Work item:
Retype all of the lines below with no changes.

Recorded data
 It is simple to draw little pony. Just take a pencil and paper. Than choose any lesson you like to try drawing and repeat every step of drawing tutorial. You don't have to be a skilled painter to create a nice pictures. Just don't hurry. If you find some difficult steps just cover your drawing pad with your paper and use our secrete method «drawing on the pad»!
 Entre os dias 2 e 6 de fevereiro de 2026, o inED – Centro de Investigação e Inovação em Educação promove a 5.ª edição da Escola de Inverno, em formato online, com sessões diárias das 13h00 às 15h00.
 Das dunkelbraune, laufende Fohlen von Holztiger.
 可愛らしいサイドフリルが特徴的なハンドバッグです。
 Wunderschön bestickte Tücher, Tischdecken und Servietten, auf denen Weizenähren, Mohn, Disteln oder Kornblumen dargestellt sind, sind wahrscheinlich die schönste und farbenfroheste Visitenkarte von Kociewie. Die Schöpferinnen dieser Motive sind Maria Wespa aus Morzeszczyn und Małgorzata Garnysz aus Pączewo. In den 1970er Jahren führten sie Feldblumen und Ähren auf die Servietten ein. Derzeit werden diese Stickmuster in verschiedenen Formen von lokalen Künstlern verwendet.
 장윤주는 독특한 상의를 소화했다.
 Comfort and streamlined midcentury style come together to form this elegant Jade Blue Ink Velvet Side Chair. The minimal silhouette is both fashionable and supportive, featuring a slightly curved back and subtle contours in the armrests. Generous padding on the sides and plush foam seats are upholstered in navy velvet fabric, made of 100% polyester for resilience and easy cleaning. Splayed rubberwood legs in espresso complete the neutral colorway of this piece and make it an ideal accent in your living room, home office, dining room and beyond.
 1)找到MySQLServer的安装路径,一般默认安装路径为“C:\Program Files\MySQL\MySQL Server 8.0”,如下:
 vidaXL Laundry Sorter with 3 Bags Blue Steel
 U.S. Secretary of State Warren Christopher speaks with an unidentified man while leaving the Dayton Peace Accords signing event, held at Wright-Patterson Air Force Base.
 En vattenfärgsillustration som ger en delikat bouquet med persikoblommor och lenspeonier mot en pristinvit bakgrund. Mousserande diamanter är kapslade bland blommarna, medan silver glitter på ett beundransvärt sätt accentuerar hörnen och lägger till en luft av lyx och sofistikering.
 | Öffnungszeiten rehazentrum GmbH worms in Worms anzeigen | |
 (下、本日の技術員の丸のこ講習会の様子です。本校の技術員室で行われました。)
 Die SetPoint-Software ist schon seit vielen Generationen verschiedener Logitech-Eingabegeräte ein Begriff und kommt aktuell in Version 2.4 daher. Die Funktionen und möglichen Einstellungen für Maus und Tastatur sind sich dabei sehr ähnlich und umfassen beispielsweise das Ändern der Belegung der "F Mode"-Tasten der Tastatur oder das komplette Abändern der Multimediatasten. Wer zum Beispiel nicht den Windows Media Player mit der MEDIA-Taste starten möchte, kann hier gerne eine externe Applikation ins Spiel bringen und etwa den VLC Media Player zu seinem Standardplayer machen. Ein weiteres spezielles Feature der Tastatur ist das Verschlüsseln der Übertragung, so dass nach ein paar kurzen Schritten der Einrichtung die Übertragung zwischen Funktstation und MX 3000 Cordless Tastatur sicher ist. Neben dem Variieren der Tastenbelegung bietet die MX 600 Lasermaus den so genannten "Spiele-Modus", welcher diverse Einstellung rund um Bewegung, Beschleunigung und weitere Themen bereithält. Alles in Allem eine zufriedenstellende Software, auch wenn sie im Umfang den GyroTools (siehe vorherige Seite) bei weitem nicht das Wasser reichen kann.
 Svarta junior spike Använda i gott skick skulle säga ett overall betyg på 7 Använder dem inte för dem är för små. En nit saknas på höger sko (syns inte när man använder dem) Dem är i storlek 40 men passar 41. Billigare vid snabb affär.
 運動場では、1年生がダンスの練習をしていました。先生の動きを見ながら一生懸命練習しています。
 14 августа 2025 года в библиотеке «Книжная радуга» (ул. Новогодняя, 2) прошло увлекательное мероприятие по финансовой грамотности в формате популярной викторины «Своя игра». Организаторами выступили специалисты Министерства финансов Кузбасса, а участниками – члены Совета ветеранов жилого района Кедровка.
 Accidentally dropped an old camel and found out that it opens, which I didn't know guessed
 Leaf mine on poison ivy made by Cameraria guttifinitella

Answer to this exercise:
 It is simple to draw little pony. Just take a pencil and paper. Than choose any lesson you like to try drawing and repeat every step of drawing tutorial. You don't have to be a skilled painter to create a nice pictures. Just don't hurry. If you find some difficult steps just cover your drawing pad with your paper and use our secrete method «drawing on the pad»!
 Entre os dias 2 e 6 de fevereiro de 2026, o inED – Centro de Investigação e Inovação em Educação promove a 5.ª edição da Escola de Inverno, em formato online, com sessões diárias das 13h00 às 15h00.
 Das dunkelbraune, laufende Fohlen von Holztiger.
 可愛らしいサイドフリルが特徴的なハンドバッグです。
 Wunderschön bestickte Tücher, Tischdecken und Servietten, auf denen Weizenähren, Mohn, Disteln oder Kornblumen dargestellt sind, sind wahrscheinlich die schönste und farbenfroheste Visitenkarte von Kociewie. Die Schöpferinnen dieser Motive sind Maria Wespa aus Morzeszczyn und Małgorzata Garnysz aus Pączewo. In den 1970er Jahren führten sie Feldblumen und Ähren auf die Servietten ein. Derzeit werden diese Stickmuster in verschiedenen Formen von lokalen Künstlern verwendet.
 장윤주는 독특한 상의를 소화했다.
 Comfort and streamlined midcentury style come together to form this elegant Jade Blue Ink Velvet Side Chair. The minimal silhouette is both fashionable and supportive, featuring a slightly curved back and subtle contours in the armrests. Generous padding on the sides and plush foam seats are upholstered in navy velvet fabric, made of 100% polyester for resilience and easy cleaning. Splayed rubberwood legs in espresso complete the neutral colorway of this piece and make it an ideal accent in your living room, home office, dining room and beyond.
 1)找到MySQLServer的安装路径,一般默认安装路径为“C:\Program Files\MySQL\MySQL Server 8.0”,如下:
 vidaXL Laundry Sorter with 3 Bags Blue Steel
 U.S. Secretary of State Warren Christopher speaks with an unidentified man while leaving the Dayton Peace Accords signing event, held at Wright-Patterson Air Force Base.
 En vattenfärgsillustration som ger en delikat bouquet med persikoblommor och lenspeonier mot en pristinvit bakgrund. Mousserande diamanter är kapslade bland blommarna, medan silver glitter på ett beundransvärt sätt accentuerar hörnen och lägger till en luft av lyx och sofistikering.
 | Öffnungszeiten rehazentrum GmbH worms in Worms anzeigen | |
 (下、本日の技術員の丸のこ講習会の様子です。本校の技術員室で行われました。)
 Die SetPoint-Software ist schon seit vielen Generationen verschiedener Logitech-Eingabegeräte ein Begriff und kommt aktuell in Version 2.4 daher. Die Funktionen und möglichen Einstellungen für Maus und Tastatur sind sich dabei sehr ähnlich und umfassen beispielsweise das Ändern der Belegung der "F Mode"-Tasten der Tastatur oder das komplette Abändern der Multimediatasten. Wer zum Beispiel nicht den Windows Media Player mit der MEDIA-Taste starten möchte, kann hier gerne eine externe Applikation ins Spiel bringen und etwa den VLC Media Player zu seinem Standardplayer machen. Ein weiteres spezielles Feature der Tastatur ist das Verschlüsseln der Übertragung, so dass nach ein paar kurzen Schritten der Einrichtung die Übertragung zwischen Funktstation und MX 3000 Cordless Tastatur sicher ist. Neben dem Variieren der Tastenbelegung bietet die MX 600 Lasermaus den so genannten "Spiele-Modus", welcher diverse Einstellung rund um Bewegung, Beschleunigung und weitere Themen bereithält. Alles in Allem eine zufriedenstellende Software, auch wenn sie im Umfang den GyroTools (siehe vorherige Seite) bei weitem nicht das Wasser reichen kann.
 Svarta junior spike Använda i gott skick skulle säga ett overall betyg på 7 Använder dem inte för dem är för små. En nit saknas på höger sko (syns inte när man använder dem) Dem är i storlek 40 men passar 41. Billigare vid snabb affär.
 運動場では、1年生がダンスの練習をしていました。先生の動きを見ながら一生懸命練習しています。
 14 августа 2025 года в библиотеке «Книжная радуга» (ул. Новогодняя, 2) прошло увлекательное мероприятие по финансовой грамотности в формате популярной викторины «Своя игра». Организаторами выступили специалисты Министерства финансов Кузбасса, а участниками – члены Совета ветеранов жилого района Кедровка.
 Accidentally dropped an old camel and found out that it opens, which I didn't know guessed
 Leaf mine on poison ivy made by Cameraria guttifinitella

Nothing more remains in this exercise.